---- Dataset excerpt
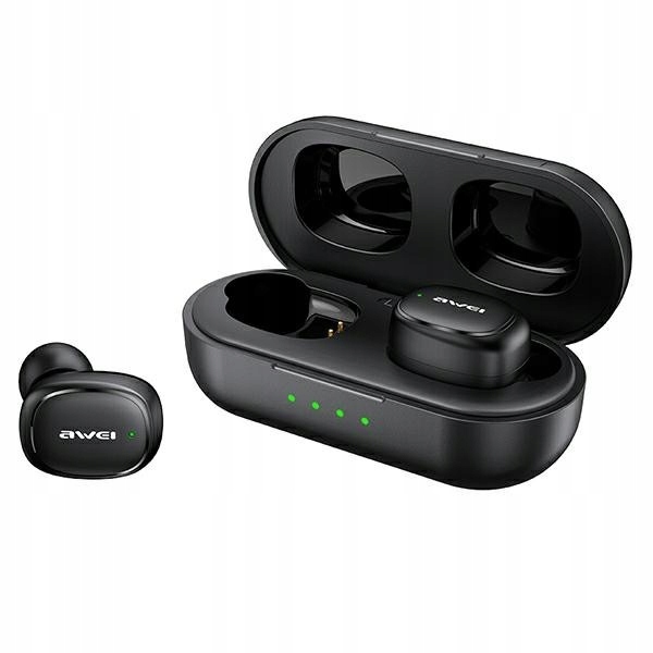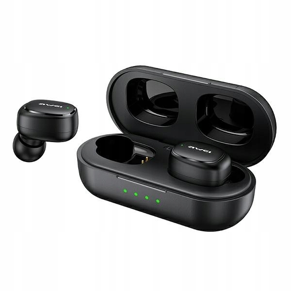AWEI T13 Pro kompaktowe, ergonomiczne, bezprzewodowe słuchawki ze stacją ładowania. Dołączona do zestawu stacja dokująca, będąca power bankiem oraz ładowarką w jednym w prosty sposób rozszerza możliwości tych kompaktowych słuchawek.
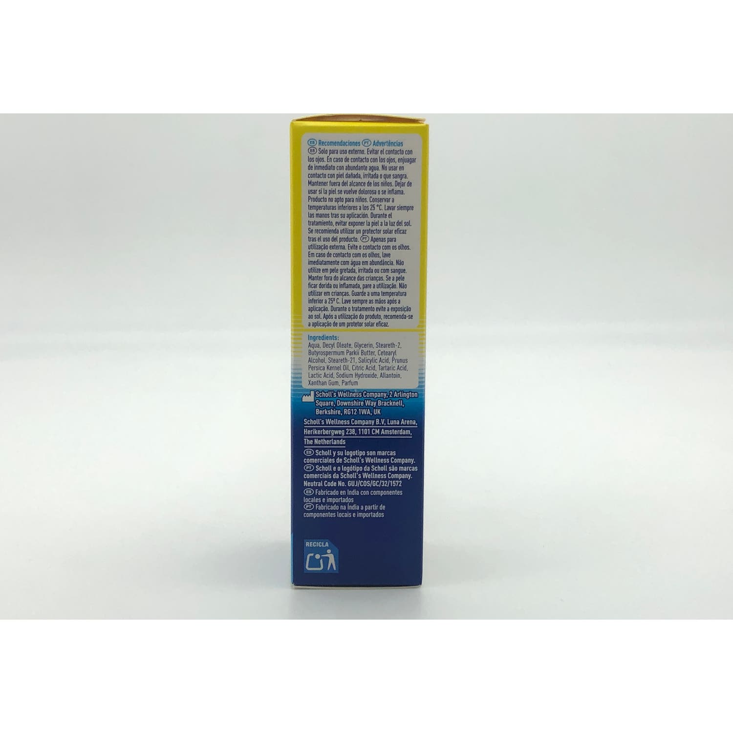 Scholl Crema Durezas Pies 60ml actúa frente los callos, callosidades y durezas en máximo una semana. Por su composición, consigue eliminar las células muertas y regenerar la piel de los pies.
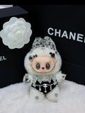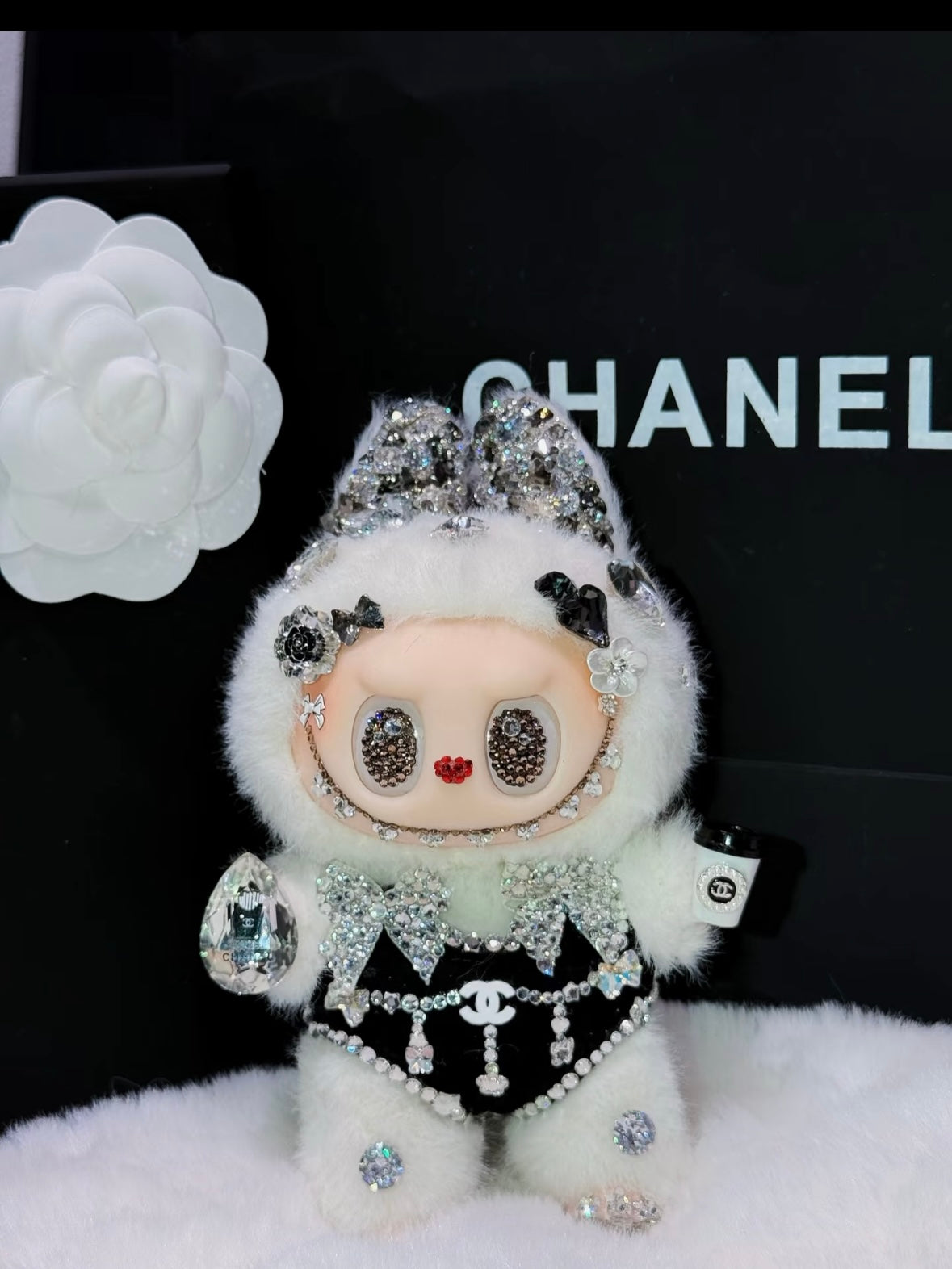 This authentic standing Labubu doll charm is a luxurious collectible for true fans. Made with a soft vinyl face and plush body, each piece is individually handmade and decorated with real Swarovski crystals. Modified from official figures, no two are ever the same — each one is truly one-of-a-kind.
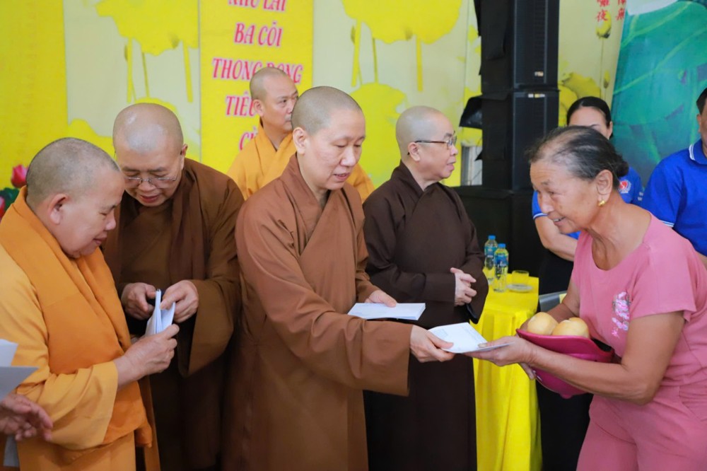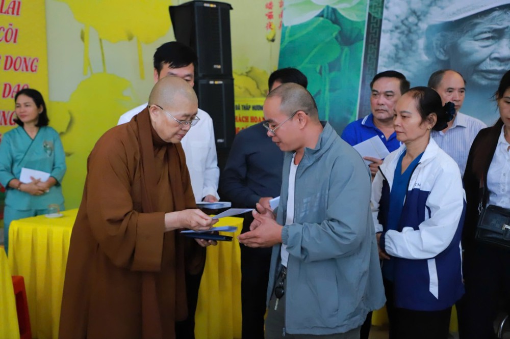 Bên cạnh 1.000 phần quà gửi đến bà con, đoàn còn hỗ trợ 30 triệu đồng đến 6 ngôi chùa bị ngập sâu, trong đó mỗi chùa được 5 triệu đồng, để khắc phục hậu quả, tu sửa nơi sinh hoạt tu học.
--------
**Directions:** For this exercise, write the listing out again exactly, excluding all images.

**Solution to this problem:**
AWEI T13 Pro kompaktowe, ergonomiczne, bezprzewodowe słuchawki ze stacją ładowania. Dołączona do zestawu stacja dokująca, będąca power bankiem oraz ładowarką w jednym w prosty sposób rozszerza możliwości tych kompaktowych słuchawek.
 Scholl Crema Durezas Pies 60ml actúa frente los callos, callosidades y durezas en máximo una semana. Por su composición, consigue eliminar las células muertas y regenerar la piel de los pies.
 This authentic standing Labubu doll charm is a luxurious collectible for true fans. Made with a soft vinyl face and plush body, each piece is individually handmade and decorated with real Swarovski crystals. Modified from official figures, no two are ever the same — each one is truly one-of-a-kind.
 Bên cạnh 1.000 phần quà gửi đến bà con, đoàn còn hỗ trợ 30 triệu đồng đến 6 ngôi chùa bị ngập sâu, trong đó mỗi chùa được 5 triệu đồng, để khắc phục hậu quả, tu sửa nơi sinh hoạt tu học.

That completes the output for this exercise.